▸ Exercise details
Repeat exactly the lines beginning at the one that contains "Material : Finely" and running to the end of the material. Omit the pictures.

▸ Provided data
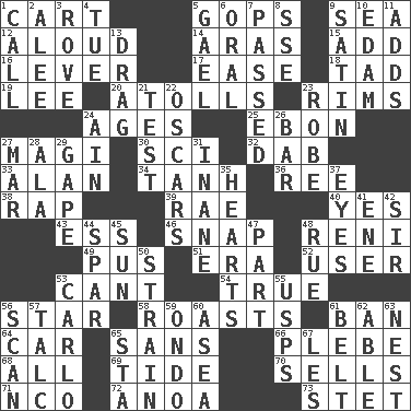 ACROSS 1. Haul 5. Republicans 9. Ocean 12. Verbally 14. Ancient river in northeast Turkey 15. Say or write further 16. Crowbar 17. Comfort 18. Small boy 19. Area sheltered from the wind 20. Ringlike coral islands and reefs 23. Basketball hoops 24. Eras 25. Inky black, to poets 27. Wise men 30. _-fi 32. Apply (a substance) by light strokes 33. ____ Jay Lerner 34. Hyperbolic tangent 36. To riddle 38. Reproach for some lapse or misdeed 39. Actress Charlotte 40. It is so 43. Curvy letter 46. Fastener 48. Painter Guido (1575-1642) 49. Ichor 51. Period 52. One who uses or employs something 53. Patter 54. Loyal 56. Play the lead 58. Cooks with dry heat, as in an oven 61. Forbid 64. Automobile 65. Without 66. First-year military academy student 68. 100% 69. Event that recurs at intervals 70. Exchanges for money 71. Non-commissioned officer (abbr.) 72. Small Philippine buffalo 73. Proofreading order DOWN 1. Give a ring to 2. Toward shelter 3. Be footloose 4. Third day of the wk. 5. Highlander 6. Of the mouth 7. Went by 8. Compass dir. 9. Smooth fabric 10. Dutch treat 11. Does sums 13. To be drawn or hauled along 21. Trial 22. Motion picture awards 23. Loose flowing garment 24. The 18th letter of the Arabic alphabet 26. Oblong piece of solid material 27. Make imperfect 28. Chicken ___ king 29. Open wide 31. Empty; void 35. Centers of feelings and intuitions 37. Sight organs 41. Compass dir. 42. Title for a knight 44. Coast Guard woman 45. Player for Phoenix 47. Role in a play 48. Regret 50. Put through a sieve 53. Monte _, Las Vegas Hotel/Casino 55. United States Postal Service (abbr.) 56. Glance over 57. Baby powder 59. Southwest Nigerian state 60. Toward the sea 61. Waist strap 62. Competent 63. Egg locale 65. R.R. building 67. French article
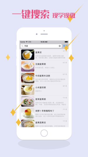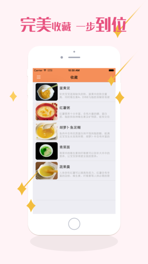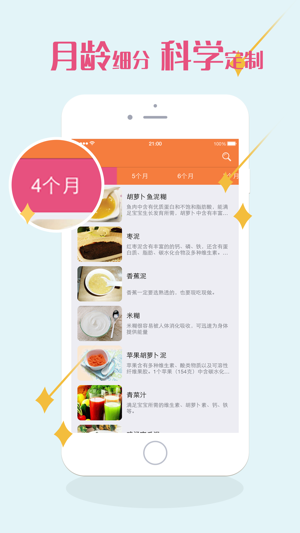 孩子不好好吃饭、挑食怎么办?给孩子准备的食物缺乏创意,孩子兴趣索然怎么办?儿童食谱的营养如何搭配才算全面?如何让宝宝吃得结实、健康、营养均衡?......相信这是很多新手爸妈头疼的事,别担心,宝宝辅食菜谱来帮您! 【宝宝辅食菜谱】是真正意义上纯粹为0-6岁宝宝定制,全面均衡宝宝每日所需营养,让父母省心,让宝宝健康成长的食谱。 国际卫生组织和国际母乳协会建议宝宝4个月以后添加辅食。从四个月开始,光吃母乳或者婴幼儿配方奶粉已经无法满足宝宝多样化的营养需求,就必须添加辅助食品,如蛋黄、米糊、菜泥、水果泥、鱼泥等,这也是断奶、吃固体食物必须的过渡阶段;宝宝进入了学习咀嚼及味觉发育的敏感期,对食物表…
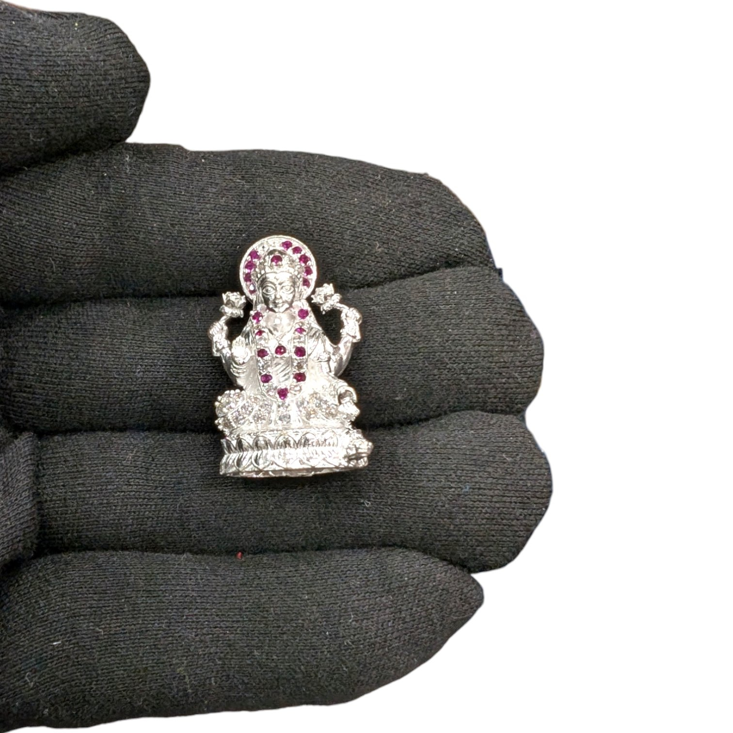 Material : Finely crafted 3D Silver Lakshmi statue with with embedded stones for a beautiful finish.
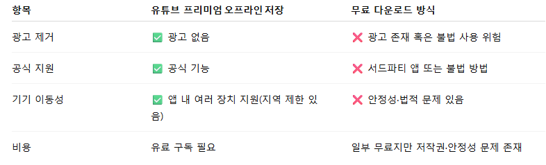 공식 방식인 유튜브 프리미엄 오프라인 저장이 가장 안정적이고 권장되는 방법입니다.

▸ Task result
 Material : Finely crafted 3D Silver Lakshmi statue with with embedded stones for a beautiful finish.
 공식 방식인 유튜브 프리미엄 오프라인 저장이 가장 안정적이고 권장되는 방법입니다.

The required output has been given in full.